Não. A JARI é a primeira instância — abaixo dela ainda tem caminho:
- CETRAN (ou CONTRANDIFE, no Distrito Federal) — segunda instância, 30 dias a partir da decisão da JARI
- Colegiado Especial, em alguns órgãos, dependendo do caso
Vale dizer que os argumentos que funcionam mudam conforme a instância: o que a primeira instância ignorou, a segunda às vezes acolhe — em especial as nulidades formais.
Se você recebeu uma decisão negativa, manda pra gente que a gente diz se ainda vale seguir.
Se eu recorrer, perco o desconto de 40%?
Essa é a conta mais honesta que dá para fazer nesta página, então vai sem maquiagem.
O desconto de 40% e o recurso são caminhos que se excluem: para receber os 40% você declara que reconhece a infração e não vai recorrer, e essa declaração encerra a discussão. Sai mais barato, e os pontos entram na sua CNH.

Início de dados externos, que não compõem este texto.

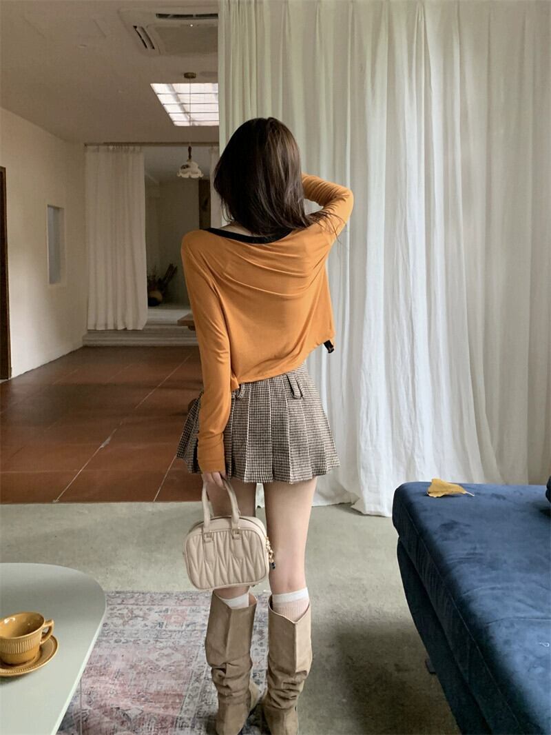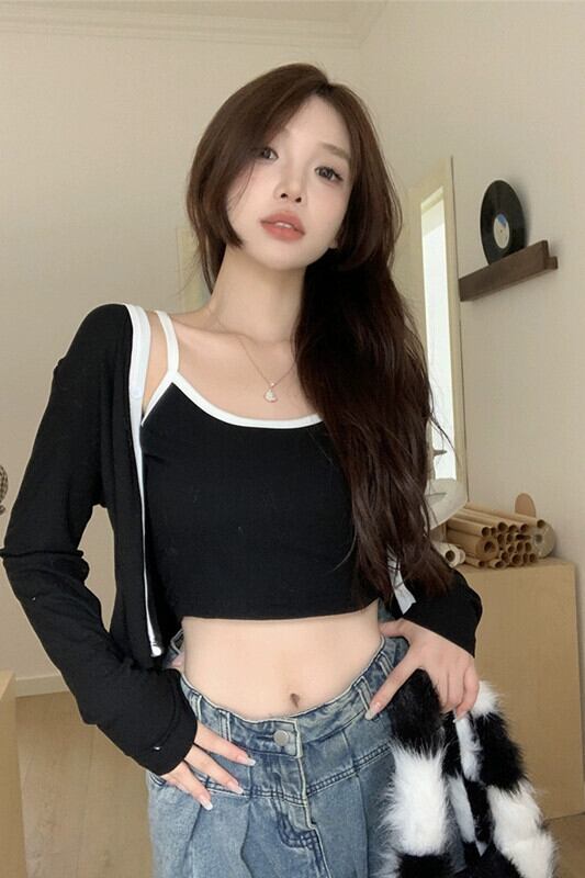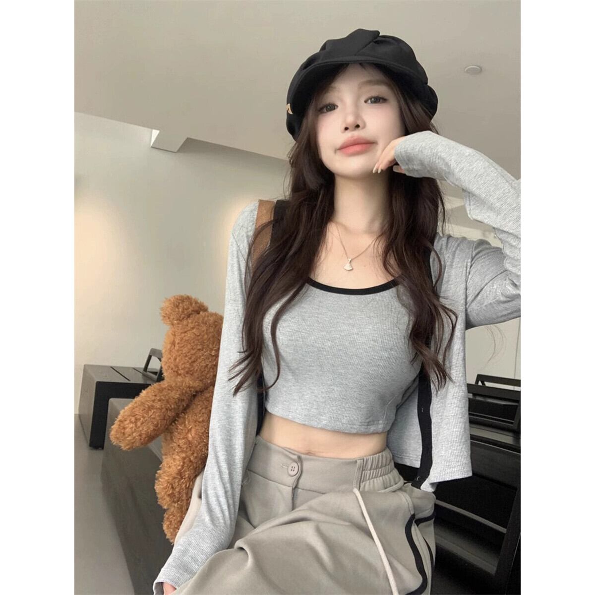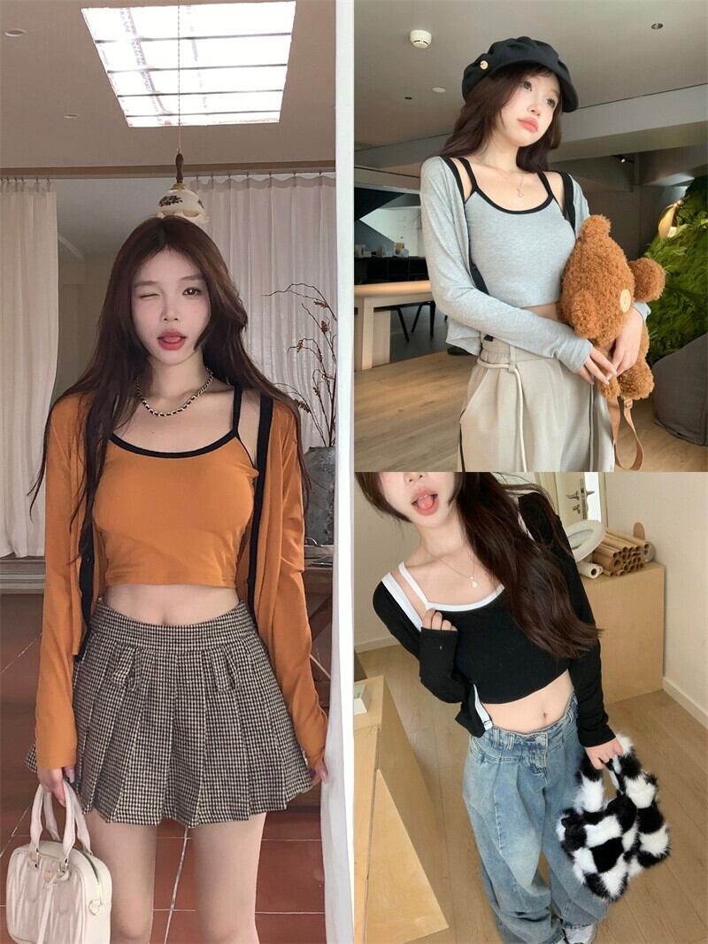 2023年初秋新スタイル多用途おしゃれなコントラストカラーニットカーディガンレディース+胸パッド付きキャミソール2点セット オータム 秋物 missk26182709430

Numa multa gravíssima de R$293,47:
| Caminho | Desembolso | Pontos |
|---|---|---|
| Pagar com 40% de desconto | R$176,08 | +7 |
| Recorrer (Plano Fixo) e ganhar | R$39,90 | 0 |
| Recorrer (Plano Fixo) e perder | R$39,90 + R$293,47 | +7 |
Traduzindo: recorrer e ganhar é o melhor cenário com folga. Recorrer e perder custa mais caro do que ter pago com desconto, porque a janela do desconto fecha.
Por isso o diagnóstico vem antes e é gratuito — para você tomar essa decisão com a probabilidade do seu caso na frente, e não no escuro.
E é também por isso que existe o Risco Zero: quando o caso é forte o bastante, a gente assume esse risco no seu lugar.
Prático
Como eu pago? Recebo nota fiscal?
O pagamento é processado pelo Mercado Pago, por um link enviado no WhatsApp. Na página deles você escolhe como pagar:
- Pix — aprovação na hora
- Cartão de crédito
- Cartão de débito
- Boleto bancário
O MultaOFF não armazena dados de cartão. Esses dados são processados inteiramente pelo Mercado Pago, na página segura deles.
Nota fiscal: sim. A NFS-e é emitida automaticamente e enviada para o e-mail que você informar durante o atendimento.